Interesting topic, regardless. At CEDU, they were well prepared. Whether a student was being sincere or manipulative in trying to escape a program, CEDU was more manipulative in making sure they were unsuccessful. Hence the locked up telephones and physical isolation. Actually, CEDU manipulated my parents into lying that I would be sent to lock up if I tried to escape. Even though I had never even shoplifted, let alone abused drugs or acted violently.
The ONLY way to get out of CEDU was to split, try to commit homicide, slit your wrists, or conspire to or commit arson. I, of course, was unwilling to do any except split. Which I did. I never even gave my parents a reason. I think the only reason my Dad allowed me home (because my Mom wanted me gone) was because he was not comfortable with the fact that CEDU would never allow him to express skepticism.

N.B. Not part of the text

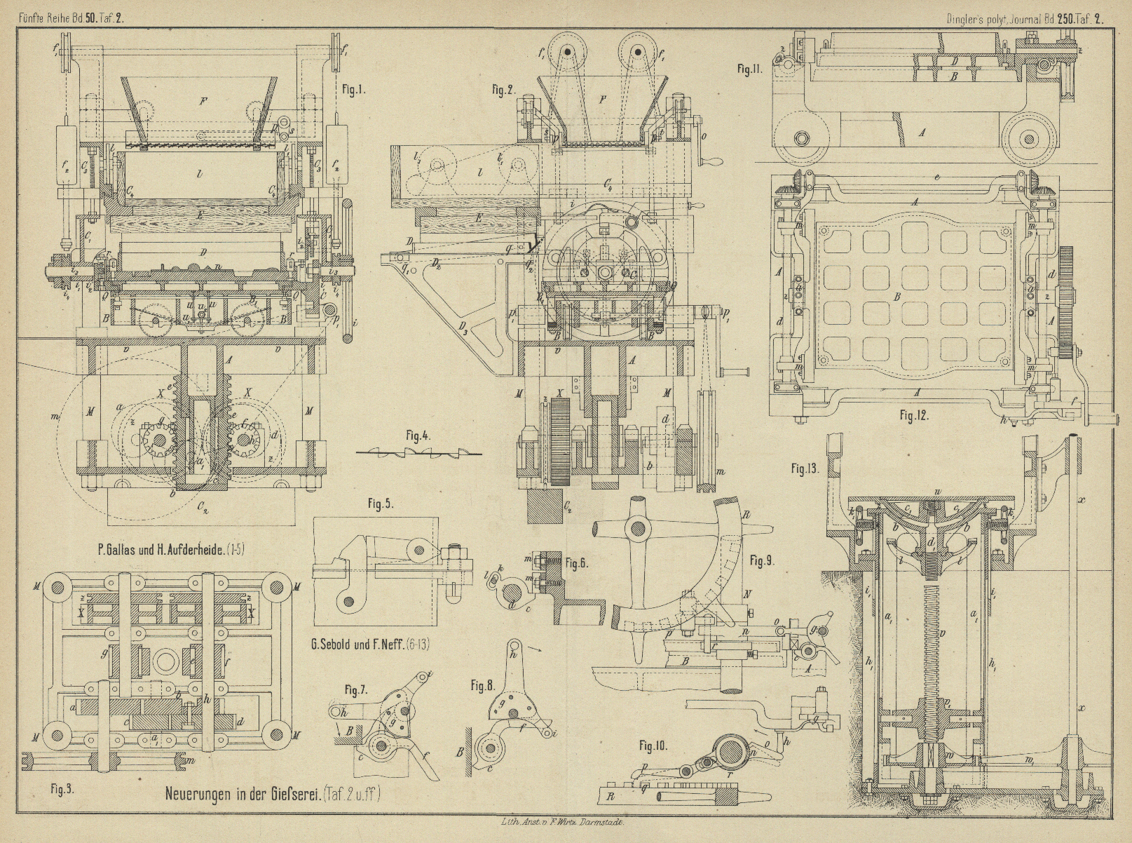 Ueber Neuerungen in der Gieſserei; von P. Gallas und H. Aufderheide bez. J. G. Sebold

So, to answer your questions:
1. Claiming it was a mistake I was sent there
I only said this once because I learned quickly what happens when you question the program. And, I was mis-placed. But I also do not believe any one should be sent to a therapeutically and academically fraudulent facility
2. Saying I was innocent to everyone at the program.
I never claimed to be innocent of anything, but looking back, I was fairly innocent and certainly naive. I was honest about anything I did. But really, I didn't do anything horrible. I didn't go there because I did something horrible. I wonder if CEDU can say it was innocent to me? Because I'll bet you a million bucks if I asked a staff member that question they could not look me in the eye and say yes. In fact, I would love to meet any of them now, as an adult, when they have no power over me. No, not to threaten them, but just to meet on equal footing.
3. Claiming my parents were abusive to the program -
I never lied about my parents. I also never claimed they were abusive. I did not talk about them much because I discerned quite quickly that CEDU exploited all revelations and made no sincere effort to repair family dynamics. In fact, CEDU introduced my parents to lying to me. At least before CEDU, they were direct.
4. Writing to my parents that the program was abusive.
Impossible. CEDU censored all letters going out. My letters were totally Pollyanna - the hills are alive with the sound of music.
5. Threatening my parents if they didn't release me I'd harm myself
Nope - too melodramatic. And only undermines your own credibility.
6. Sending letters telling them I'd never forgive them
Nope. Although CEDU may have allowed this expression though... familial division worked for them.
7. Running
Yes, twice. Second time successful, thank God. This wasn't manipulative though. I just wanted to get the fuck out. Even my dad is glad I did that.
8. Harming myself
No. Again, melodramatic and would only serve to undermine my own credibility. And why would I want to hurt myself?
9. Threatening to not take my medication that I needed
During my time, CEDU did not espouse medications. I also wasn't on any. I am still not on any. In the '90s, CEDU figured out how medicating kids could work for them (CEDU)
10. Refusing to participate in the program
You did not refuse to participate unless you were begging for emotional terrorism. But I split when I realized that I would need to bully and terrorize others to level up. I made the decision to split after a propheet (24/7 "experiential) where it became obvious I did not batter people enough. I knew it would not be tolerated much longer, and the thought made me sick.
I am not a splitter by nature. At that time, I was passive and scared. I never ran away from home before. I just couldn't stomach what was happening.